__Work required__. From the first line of the listing below through the line with "در راهپیمایی ۲۲", transcribe exactly and skip the pictures.

__Data block__.
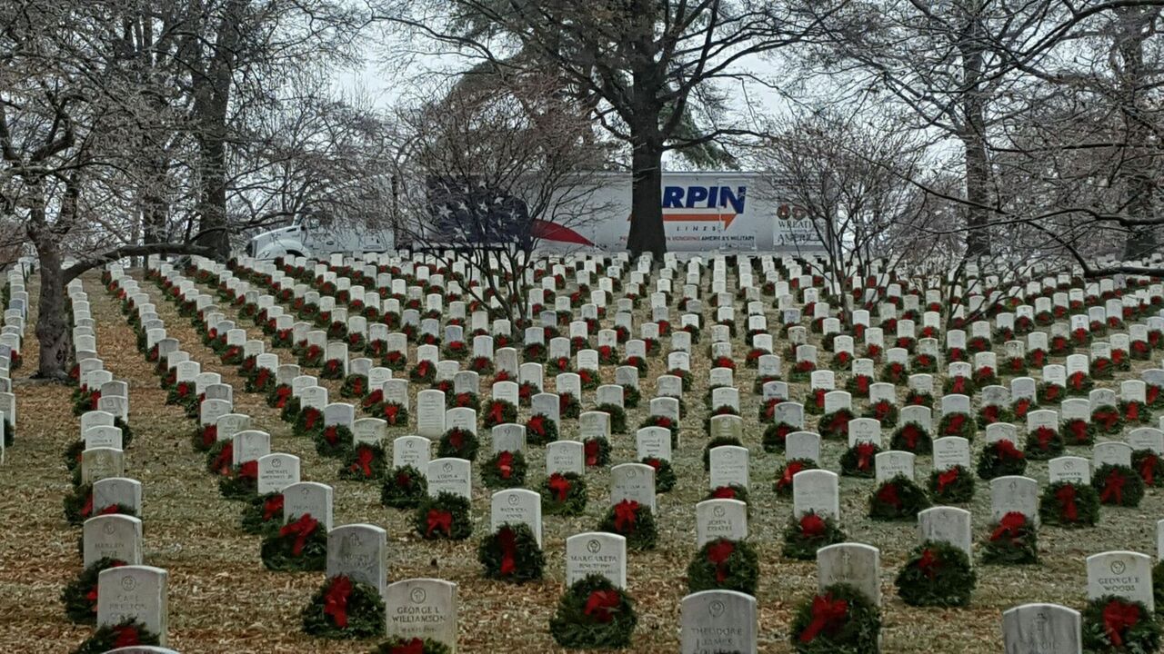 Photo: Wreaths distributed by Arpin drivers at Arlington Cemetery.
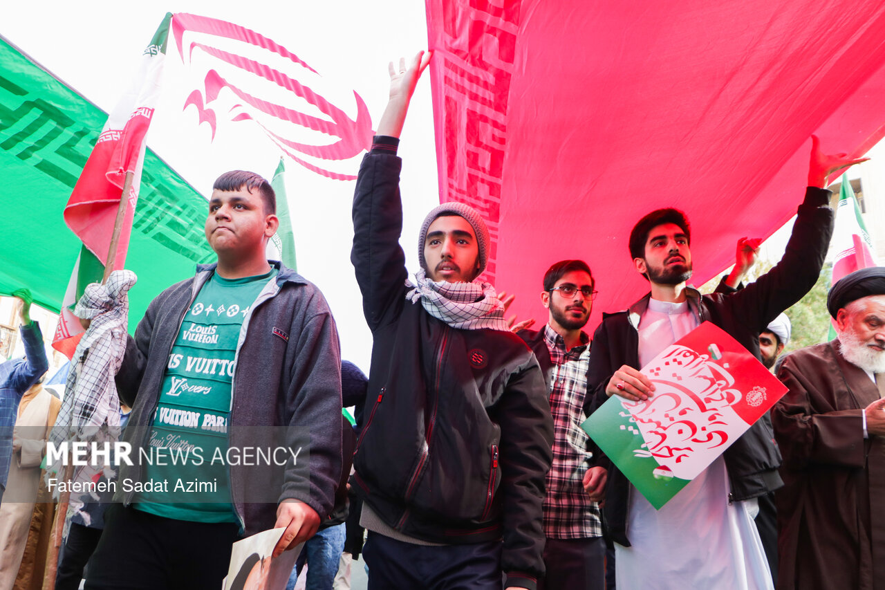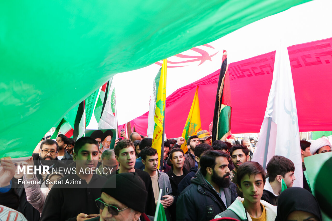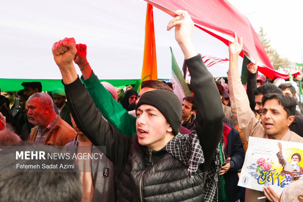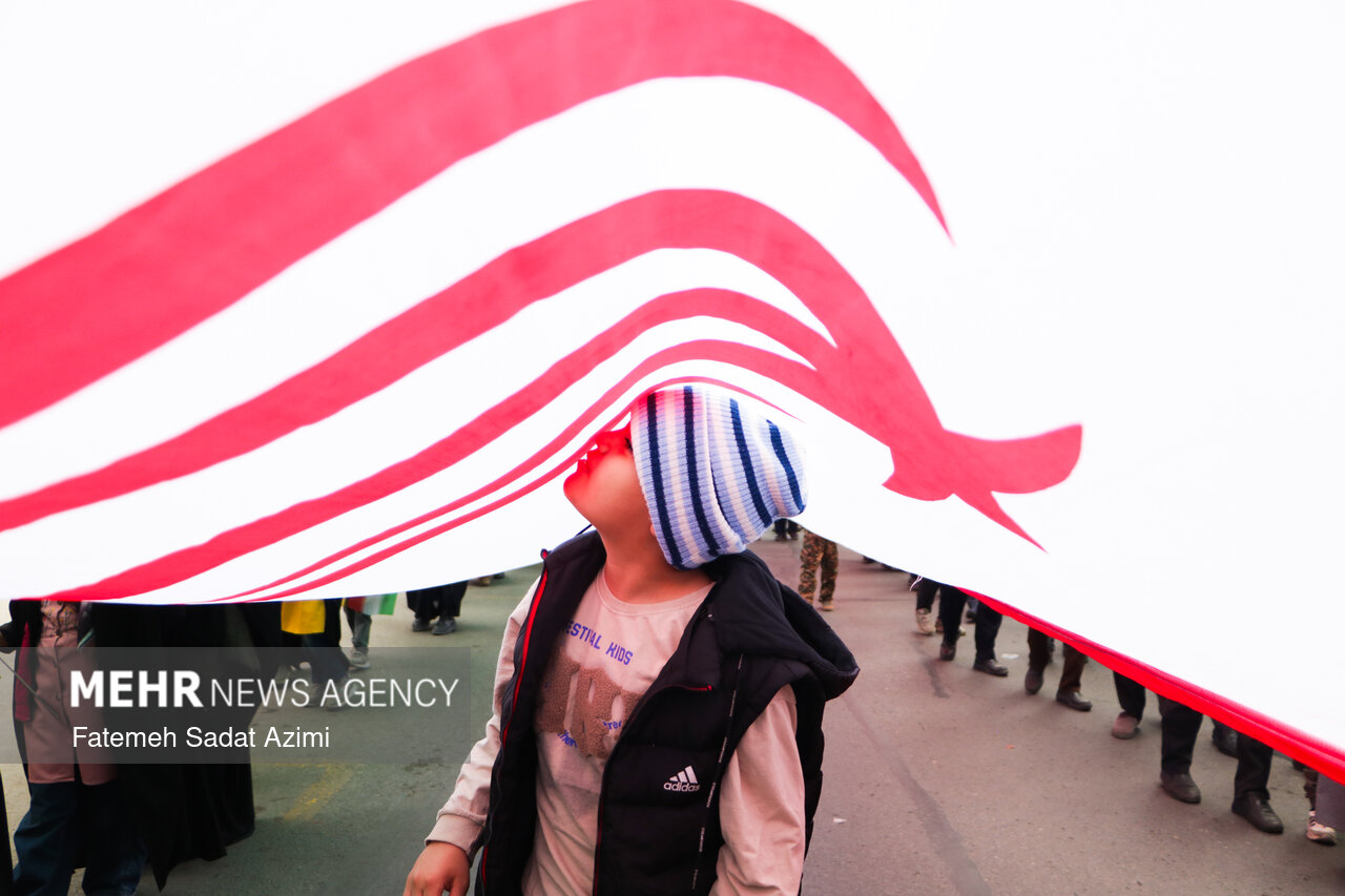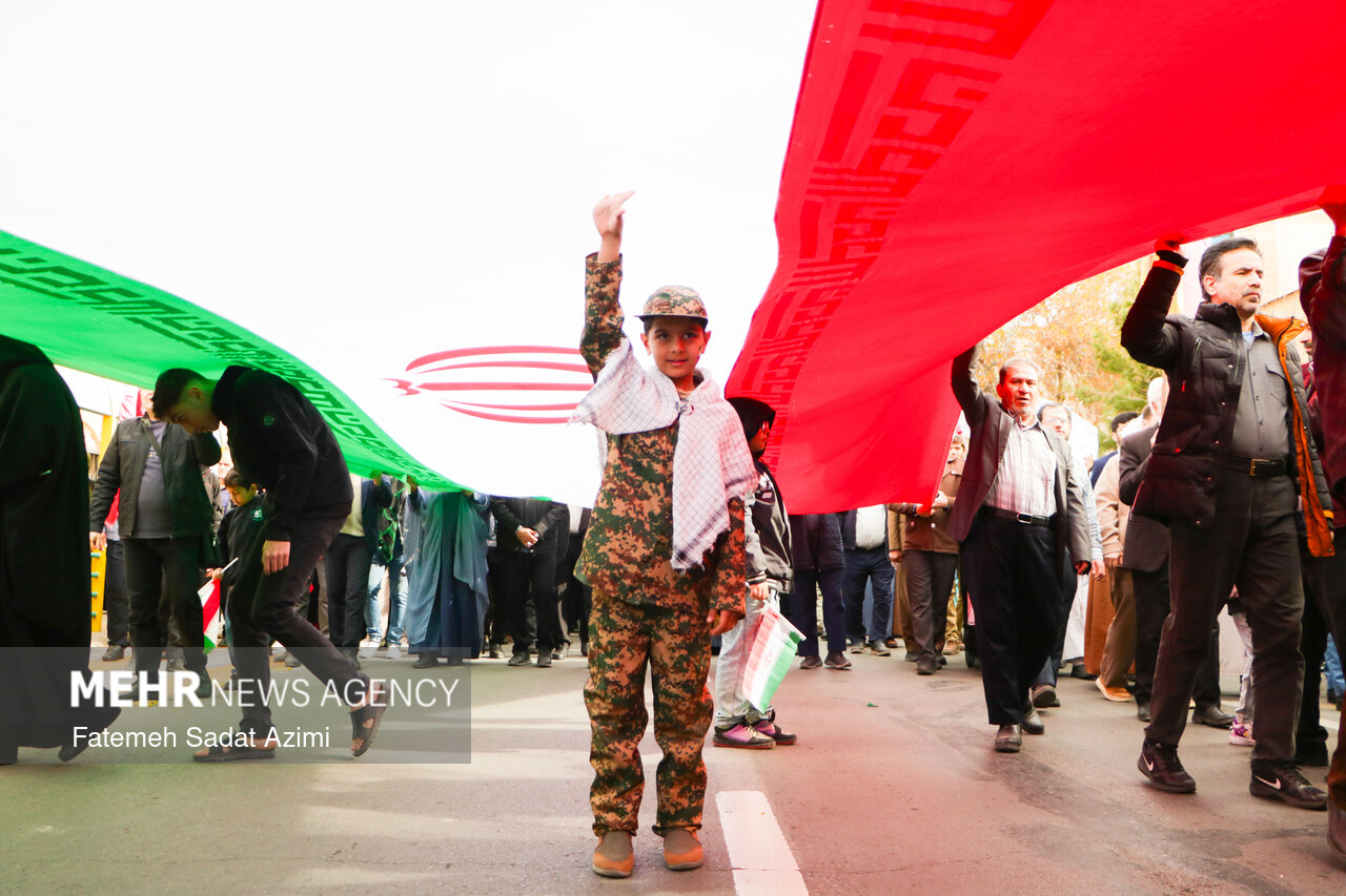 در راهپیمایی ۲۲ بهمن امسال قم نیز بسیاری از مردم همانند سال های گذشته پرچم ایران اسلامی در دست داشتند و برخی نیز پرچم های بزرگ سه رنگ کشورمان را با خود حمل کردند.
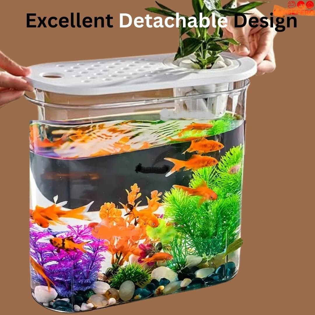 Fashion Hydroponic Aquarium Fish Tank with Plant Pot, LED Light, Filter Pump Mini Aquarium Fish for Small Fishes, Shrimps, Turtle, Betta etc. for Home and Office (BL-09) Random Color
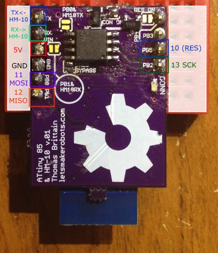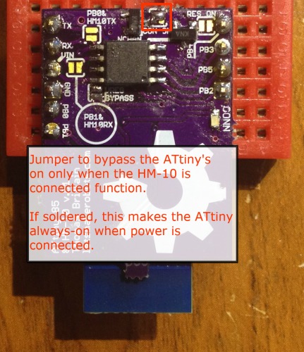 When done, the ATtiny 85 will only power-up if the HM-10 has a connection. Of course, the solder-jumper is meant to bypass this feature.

__Answer box__.
 Photo: Wreaths distributed by Arpin drivers at Arlington Cemetery.
 در راهپیمایی ۲۲ بهمن امسال قم نیز بسیاری از مردم همانند سال های گذشته پرچم ایران اسلامی در دست داشتند و برخی نیز پرچم های بزرگ سه رنگ کشورمان را با خود حمل کردند.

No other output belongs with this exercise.